I am enthusiastic about developments coming out of Elon Musk’s school and Minerva but it’s still remarkable how similar almost all private schools are to almost all public schools. The global adoption of a nearly identical education model is also disturbing, as I harbor significant skepticism that we’ve reached an optimum.
He agrees with Richard Hanania’d point that public education involves an extreme restriction of liberty beyond anything we usually accept:
The only substantial populations of individuals who have their lives structured according to time-place mandates in a free society like ours are prisoners, members of the military, and children. The mandates for children have gotten less strict over the years now that all states allow homeschooling, but opponents of school choice for all practical purposes want to do what they can to shape the incentive structures of parents so that they all use public schools (liberal reformers tend to like vouchers that can be used at charter schools, but not ESAs, which give parents complete control). Of course, children don’t have the freedom of adults, and so others are by default in control of how they spend most of their time. But it’s usually parents, not the government, that we trust in this role. Given the unusual degree to which public education infringes on individual liberty and family autonomy, the burden of proof has to be on those in favor of maintaining such an extreme institution.

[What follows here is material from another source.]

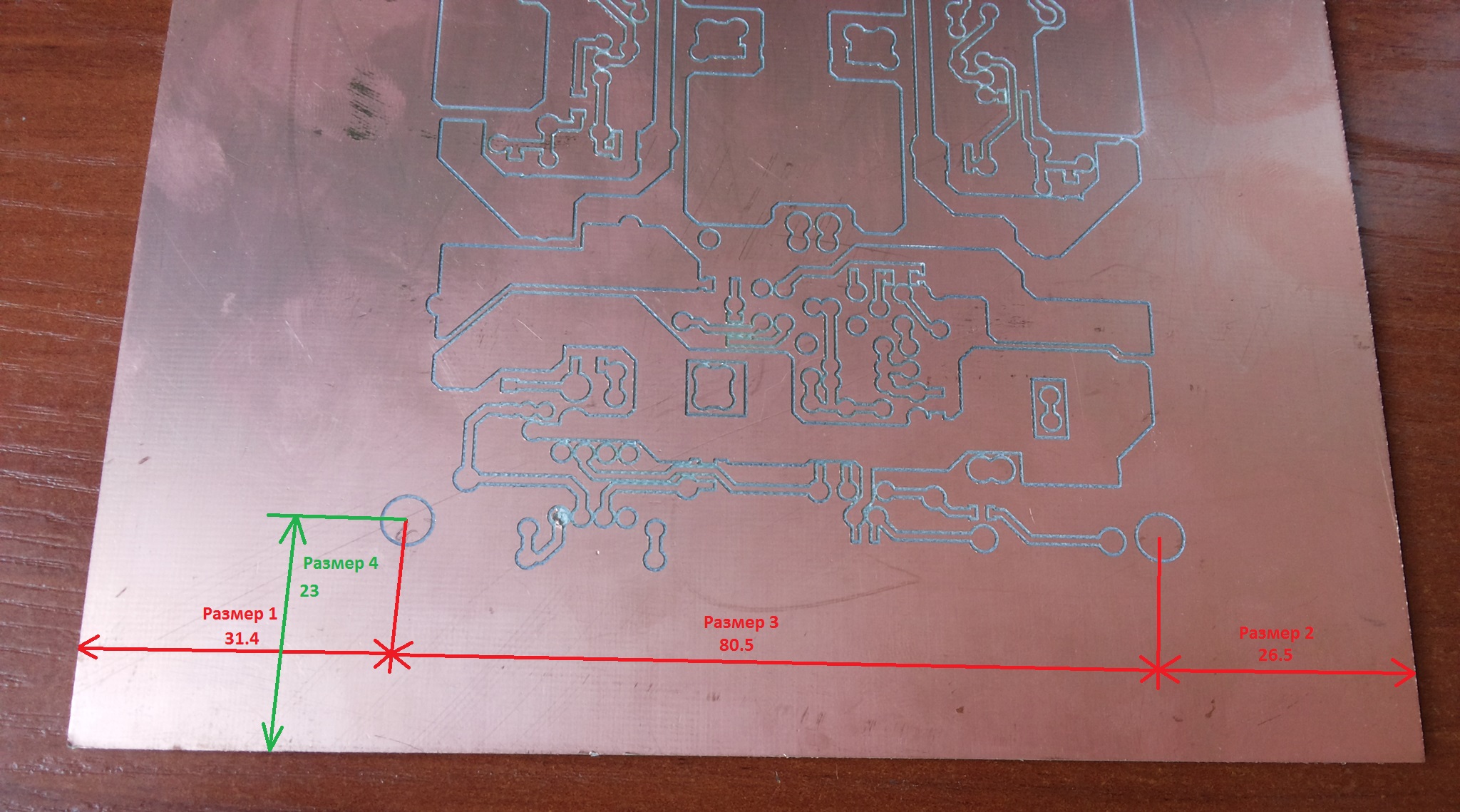 9. Перевернув плату получаем так же смещение относительно краев заготовки, но на другую величину:
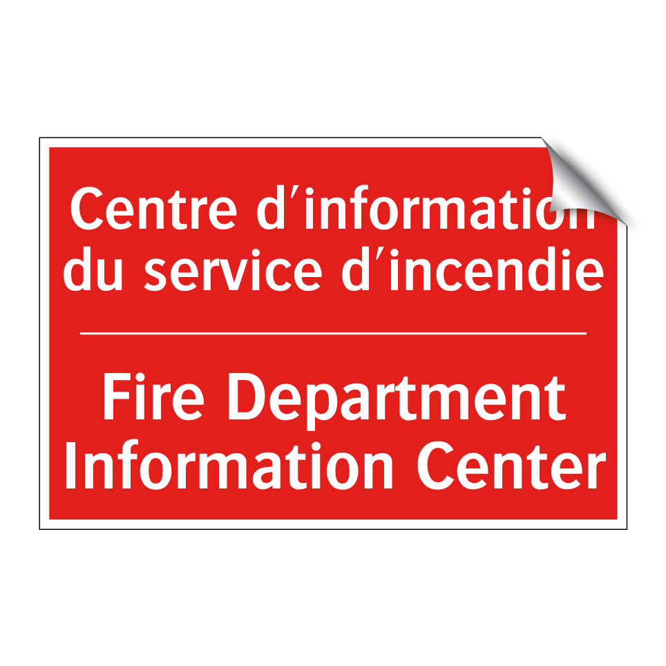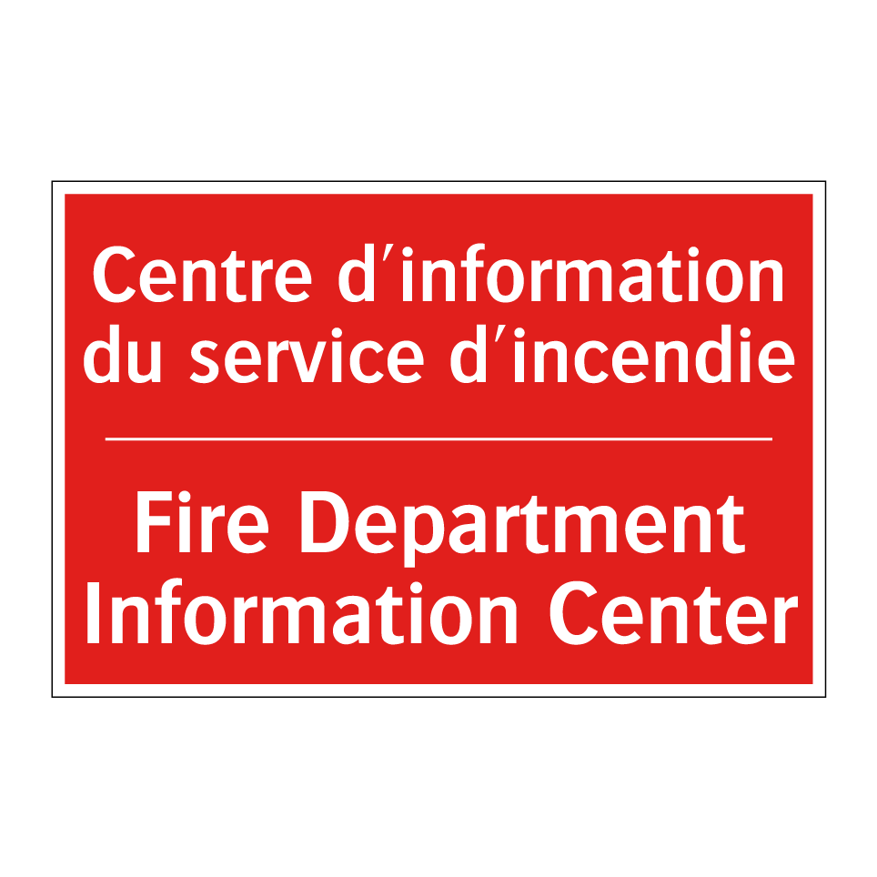 Panneau de signalisation incendie bilingue avec texte en français : "Centre d'information du service d'incendie", et en anglais : "Fire Department Information Center"

This brings us back to the point of proponents of public education having to think that government is really a lot better than parents at deciding how children should spend their time. Is there a good reason to believe this is the case? Yglesias points to data showing that the evidence on whether school voucher programs achieve better educational outcomes is mixed. But there’s a lot more to childhood than maximizing test scores. In a free market system, parents would likely base their decision of where to send a child on a countless number of other factors: cost, safety, the pleasantness of the experience, the values that a school teaches, distance from home, which hours a school operates, extracurricular activities, etc. Parents who take their children out of public schools often cite a variety of reasons beyond likely impact on educational outcomes as measured by tests.
The more complicated and multi-faceted a decision is, and the more state control involves an infringement on individual liberty, the less we trust government to make it and the more we trust private parties. An American child spends almost 9,000 hours in educational establishments before graduating junior high. That’s more than what an individual would spend working at a full-time job for over four years. In the process, the government tells children what to read, how much and when to exercise, how often to go to the bathroom. This needs to be kept in mind when analyzing arguments and data.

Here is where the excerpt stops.